→ **Dataset records**:
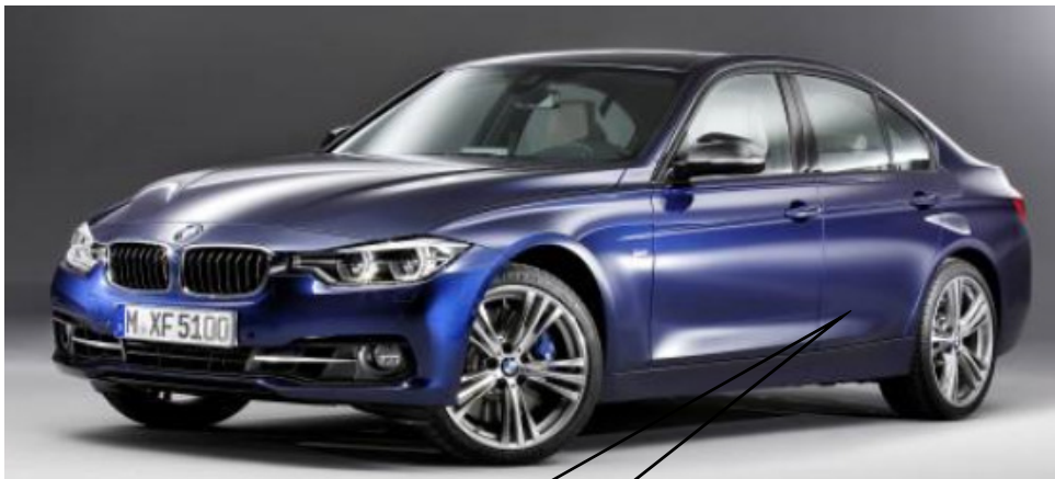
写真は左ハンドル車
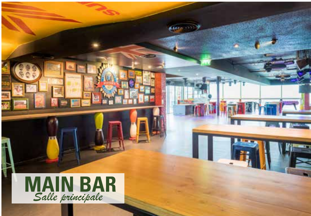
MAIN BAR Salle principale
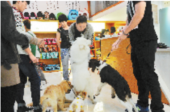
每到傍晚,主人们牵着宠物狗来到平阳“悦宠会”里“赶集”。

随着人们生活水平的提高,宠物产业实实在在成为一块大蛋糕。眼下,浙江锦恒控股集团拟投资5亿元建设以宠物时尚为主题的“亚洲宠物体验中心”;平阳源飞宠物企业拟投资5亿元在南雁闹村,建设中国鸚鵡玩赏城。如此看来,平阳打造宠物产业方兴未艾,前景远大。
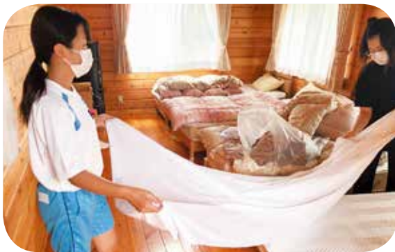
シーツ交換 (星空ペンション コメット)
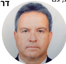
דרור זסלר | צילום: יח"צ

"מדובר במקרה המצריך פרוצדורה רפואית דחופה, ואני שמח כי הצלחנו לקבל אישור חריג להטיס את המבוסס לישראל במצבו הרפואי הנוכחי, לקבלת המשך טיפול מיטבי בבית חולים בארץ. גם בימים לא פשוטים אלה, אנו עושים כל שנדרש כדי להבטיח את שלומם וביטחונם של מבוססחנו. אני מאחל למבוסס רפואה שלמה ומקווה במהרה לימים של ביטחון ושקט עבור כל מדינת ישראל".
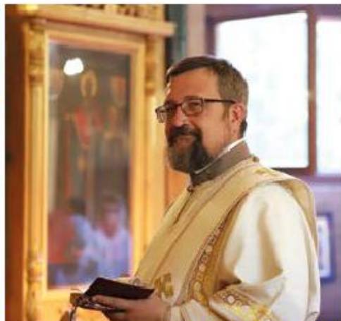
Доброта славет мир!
---
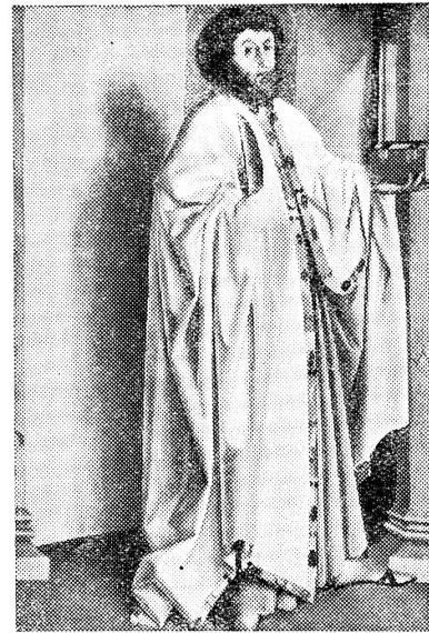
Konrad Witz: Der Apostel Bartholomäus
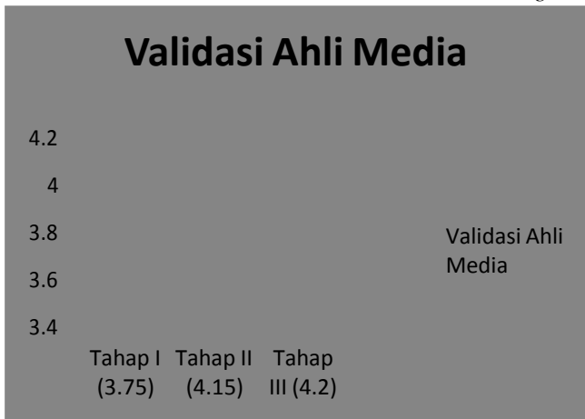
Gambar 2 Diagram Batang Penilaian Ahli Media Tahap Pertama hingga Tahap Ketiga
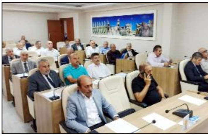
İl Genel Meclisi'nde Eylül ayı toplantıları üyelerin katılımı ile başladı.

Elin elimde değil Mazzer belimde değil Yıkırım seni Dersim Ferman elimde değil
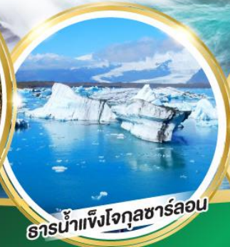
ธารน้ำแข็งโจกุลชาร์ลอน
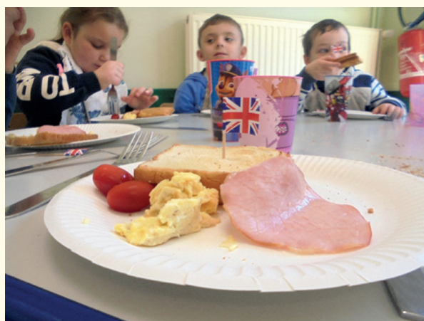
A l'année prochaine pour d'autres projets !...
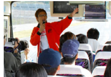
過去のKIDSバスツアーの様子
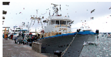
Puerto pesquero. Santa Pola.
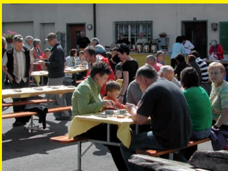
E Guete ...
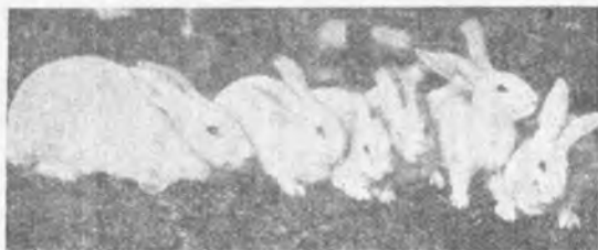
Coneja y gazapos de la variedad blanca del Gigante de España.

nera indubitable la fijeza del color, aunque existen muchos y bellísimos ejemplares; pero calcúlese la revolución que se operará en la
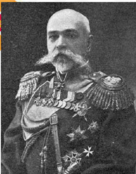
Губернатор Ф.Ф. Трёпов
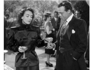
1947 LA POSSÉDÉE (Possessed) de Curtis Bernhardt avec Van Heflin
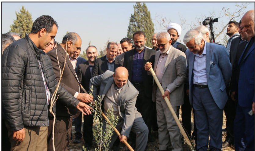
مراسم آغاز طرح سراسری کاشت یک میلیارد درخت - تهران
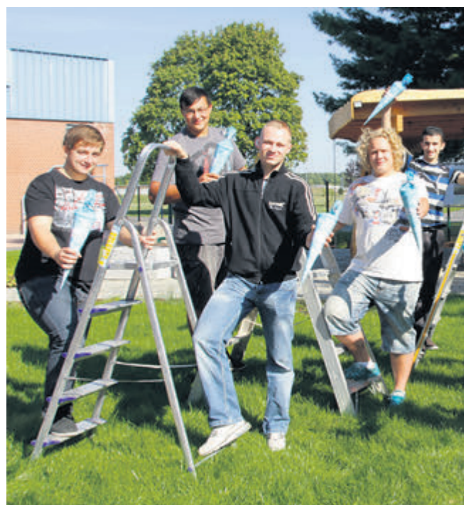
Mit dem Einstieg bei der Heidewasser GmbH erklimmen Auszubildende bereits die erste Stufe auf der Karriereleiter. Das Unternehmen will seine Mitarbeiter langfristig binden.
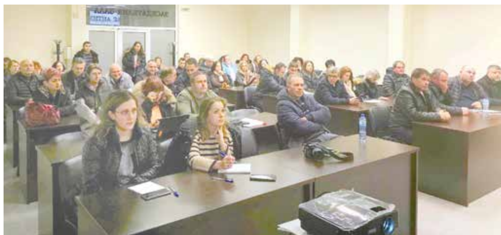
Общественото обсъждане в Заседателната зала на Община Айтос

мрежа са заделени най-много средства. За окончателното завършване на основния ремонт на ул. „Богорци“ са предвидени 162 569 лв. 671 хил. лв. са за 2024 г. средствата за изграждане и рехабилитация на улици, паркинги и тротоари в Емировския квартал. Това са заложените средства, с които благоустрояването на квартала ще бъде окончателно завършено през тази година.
* * *
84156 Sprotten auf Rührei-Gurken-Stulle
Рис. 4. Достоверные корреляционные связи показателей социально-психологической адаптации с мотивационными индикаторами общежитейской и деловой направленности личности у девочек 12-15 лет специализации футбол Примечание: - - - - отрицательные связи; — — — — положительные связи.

→ **Exercise brief**:
Drop the pictures; return the lines above from the line containing "随着人们生活水平的提高,宠物" to the line containing "Доброта славет мир!", both included, exactly.

→ **Answer box**:
随着人们生活水平的提高,宠物产业实实在在成为一块大蛋糕。眼下,浙江锦恒控股集团拟投资5亿元建设以宠物时尚为主题的“亚洲宠物体验中心”;平阳源飞宠物企业拟投资5亿元在南雁闹村,建设中国鸚鵡玩赏城。如此看来,平阳打造宠物产业方兴未艾,前景远大。
シーツ交換 (星空ペンション コメット)
דרור זסלר | צילום: יח"צ

"מדובר במקרה המצריך פרוצדורה רפואית דחופה, ואני שמח כי הצלחנו לקבל אישור חריג להטיס את המבוסס לישראל במצבו הרפואי הנוכחי, לקבלת המשך טיפול מיטבי בבית חולים בארץ. גם בימים לא פשוטים אלה, אנו עושים כל שנדרש כדי להבטיח את שלומם וביטחונם של מבוססחנו. אני מאחל למבוסס רפואה שלמה ומקווה במהרה לימים של ביטחון ושקט עבור כל מדינת ישראל".
Доброта славет мир!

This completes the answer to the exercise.